_Assignment_
The data that follows is to be given again, exactly as written.

Start of Block

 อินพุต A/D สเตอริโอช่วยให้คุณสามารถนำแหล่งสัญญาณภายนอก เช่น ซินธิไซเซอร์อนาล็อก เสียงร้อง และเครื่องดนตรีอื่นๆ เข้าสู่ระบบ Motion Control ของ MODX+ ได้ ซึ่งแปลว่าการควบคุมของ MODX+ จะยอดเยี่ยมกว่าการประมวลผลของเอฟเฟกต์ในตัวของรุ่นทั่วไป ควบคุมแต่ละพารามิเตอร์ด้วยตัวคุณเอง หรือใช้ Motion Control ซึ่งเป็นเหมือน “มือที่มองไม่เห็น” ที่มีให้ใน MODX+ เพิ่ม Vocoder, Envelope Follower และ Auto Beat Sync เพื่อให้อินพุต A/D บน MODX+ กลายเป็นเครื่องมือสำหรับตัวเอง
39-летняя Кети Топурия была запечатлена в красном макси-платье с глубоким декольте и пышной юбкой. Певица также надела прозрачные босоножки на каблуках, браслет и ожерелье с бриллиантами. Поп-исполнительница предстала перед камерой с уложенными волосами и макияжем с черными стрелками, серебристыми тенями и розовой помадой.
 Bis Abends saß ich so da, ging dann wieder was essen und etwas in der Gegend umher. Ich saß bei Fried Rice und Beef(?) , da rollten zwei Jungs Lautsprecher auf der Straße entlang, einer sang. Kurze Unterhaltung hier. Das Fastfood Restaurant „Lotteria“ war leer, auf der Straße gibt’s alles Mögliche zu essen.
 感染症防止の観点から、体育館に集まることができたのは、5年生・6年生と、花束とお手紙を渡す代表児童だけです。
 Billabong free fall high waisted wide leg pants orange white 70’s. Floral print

End of Block

_Solution_
 อินพุต A/D สเตอริโอช่วยให้คุณสามารถนำแหล่งสัญญาณภายนอก เช่น ซินธิไซเซอร์อนาล็อก เสียงร้อง และเครื่องดนตรีอื่นๆ เข้าสู่ระบบ Motion Control ของ MODX+ ได้ ซึ่งแปลว่าการควบคุมของ MODX+ จะยอดเยี่ยมกว่าการประมวลผลของเอฟเฟกต์ในตัวของรุ่นทั่วไป ควบคุมแต่ละพารามิเตอร์ด้วยตัวคุณเอง หรือใช้ Motion Control ซึ่งเป็นเหมือน “มือที่มองไม่เห็น” ที่มีให้ใน MODX+ เพิ่ม Vocoder, Envelope Follower และ Auto Beat Sync เพื่อให้อินพุต A/D บน MODX+ กลายเป็นเครื่องมือสำหรับตัวเอง
39-летняя Кети Топурия была запечатлена в красном макси-платье с глубоким декольте и пышной юбкой. Певица также надела прозрачные босоножки на каблуках, браслет и ожерелье с бриллиантами. Поп-исполнительница предстала перед камерой с уложенными волосами и макияжем с черными стрелками, серебристыми тенями и розовой помадой.
 Bis Abends saß ich so da, ging dann wieder was essen und etwas in der Gegend umher. Ich saß bei Fried Rice und Beef(?) , da rollten zwei Jungs Lautsprecher auf der Straße entlang, einer sang. Kurze Unterhaltung hier. Das Fastfood Restaurant „Lotteria“ war leer, auf der Straße gibt’s alles Mögliche zu essen.
 感染症防止の観点から、体育館に集まることができたのは、5年生・6年生と、花束とお手紙を渡す代表児童だけです。
 Billabong free fall high waisted wide leg pants orange white 70’s. Floral print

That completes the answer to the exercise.